Und auch aus Lippe einen Herzlichen Glückwunsch und Alles Gute......


----------



## lorenz2512 (23 November 2007)

hallo,
auch aus dem harz alles gute, euch beiden.


----------



## mst (23 November 2007)

Auch von mir alles Gute zum Geburtstag:s22:


----------



## TommyG (23 November 2007)

Einmal

im Jahr ist jeder dran,




aber Euch wünsch ich viel Spass beim nächsten !!

Greetz, Tom


----------



## MajorutyOfOne (23 November 2007)

*Alles Gute*

Auch von mir alles Gute euch Beiden und viel Spass im weiteren Berufsleben .


----------



## MW (23 November 2007)

Auch von mir alles gute zum Geburtstag euch beiden !!!
:sm20: 

mfg

Micha


----------



## crash (23 November 2007)

Von mir auch die besten Glückwünsche an die Jubilare!


----------



## Perfektionist (23 November 2007)

*Herzlichen Glückwunsch  E U C H  beiden*

Doppelgeburtstag, fast gleichaltrig!

so rein statistisch: bei rund 1300 aktiven im Forum hier, da müssten doch zwei auf den Tag gleichaltrige dabei sein  ?


----------



## gingele (23 November 2007)

auch ich wünsch euch beiden geburtstagskindern alles gute


----------



## MSB (23 November 2007)

Alles Gute auch von mir!  :sm24:


----------



## marlob (23 November 2007)

Perfektionist schrieb:


> so rein statistisch: bei rund 1300 aktiven im Forum hier, da müssten doch zwei auf den Tag gleichaltrige dabei sein  ?
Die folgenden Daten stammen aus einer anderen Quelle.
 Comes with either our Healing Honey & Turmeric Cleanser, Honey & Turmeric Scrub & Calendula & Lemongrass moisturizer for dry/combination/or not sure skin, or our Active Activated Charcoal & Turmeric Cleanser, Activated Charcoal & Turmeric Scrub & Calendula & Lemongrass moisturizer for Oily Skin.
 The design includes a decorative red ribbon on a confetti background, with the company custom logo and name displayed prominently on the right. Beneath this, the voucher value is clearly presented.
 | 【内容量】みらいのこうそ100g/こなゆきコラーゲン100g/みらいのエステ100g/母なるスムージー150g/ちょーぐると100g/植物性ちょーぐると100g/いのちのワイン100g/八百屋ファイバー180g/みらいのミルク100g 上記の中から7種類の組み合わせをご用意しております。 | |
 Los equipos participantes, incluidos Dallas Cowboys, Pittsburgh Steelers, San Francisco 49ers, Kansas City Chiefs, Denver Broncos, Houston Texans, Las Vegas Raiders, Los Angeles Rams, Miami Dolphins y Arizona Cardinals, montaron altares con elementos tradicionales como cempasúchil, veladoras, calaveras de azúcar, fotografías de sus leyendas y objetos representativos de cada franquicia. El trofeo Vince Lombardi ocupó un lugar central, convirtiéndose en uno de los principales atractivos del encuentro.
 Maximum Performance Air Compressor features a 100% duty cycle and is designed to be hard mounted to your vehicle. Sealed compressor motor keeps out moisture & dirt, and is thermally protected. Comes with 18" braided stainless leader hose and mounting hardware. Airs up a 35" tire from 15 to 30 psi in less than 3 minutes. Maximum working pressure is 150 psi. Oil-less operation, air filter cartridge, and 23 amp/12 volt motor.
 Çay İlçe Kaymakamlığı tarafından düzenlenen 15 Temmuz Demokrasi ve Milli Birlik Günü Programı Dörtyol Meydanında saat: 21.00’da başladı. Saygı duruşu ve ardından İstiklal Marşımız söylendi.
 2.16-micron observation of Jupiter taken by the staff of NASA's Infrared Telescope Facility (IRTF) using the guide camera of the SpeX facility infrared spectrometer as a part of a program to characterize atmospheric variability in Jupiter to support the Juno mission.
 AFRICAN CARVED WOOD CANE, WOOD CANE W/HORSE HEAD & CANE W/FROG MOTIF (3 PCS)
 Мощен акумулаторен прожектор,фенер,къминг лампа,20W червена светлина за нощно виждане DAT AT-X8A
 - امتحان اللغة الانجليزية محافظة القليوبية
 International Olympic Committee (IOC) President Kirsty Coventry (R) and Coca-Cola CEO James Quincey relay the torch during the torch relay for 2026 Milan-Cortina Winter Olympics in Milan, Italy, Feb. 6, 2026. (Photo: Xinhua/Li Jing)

Da hat aber einer in der Mathevorlesung nicht aufgepasst
Obwohl schon ab 23 Personen die Wahrscheinlichkeit >50% liegt, das 2 Personen am selben Tag Geburtstag 
haben, aber nur am selben Tag, nicht im selben Jahr geboren


----------



## Onkel Dagobert (24 November 2007)

Perfektionist schrieb:


> Doppelgeburtstag, fast gleichaltrig!
> 
> so rein statistisch: bei rund 1300 aktiven im Forum hier, da müssten doch zwei auf den Tag gleichaltrige dabei sein  ?


Kannst du das mal statistisch herleiten? In FUP bitte  . Du meinst, Markus sollte beim Einloggen einen Geburtstagsglückwunschbutton für uns einrichten  ? Ich bin dafür.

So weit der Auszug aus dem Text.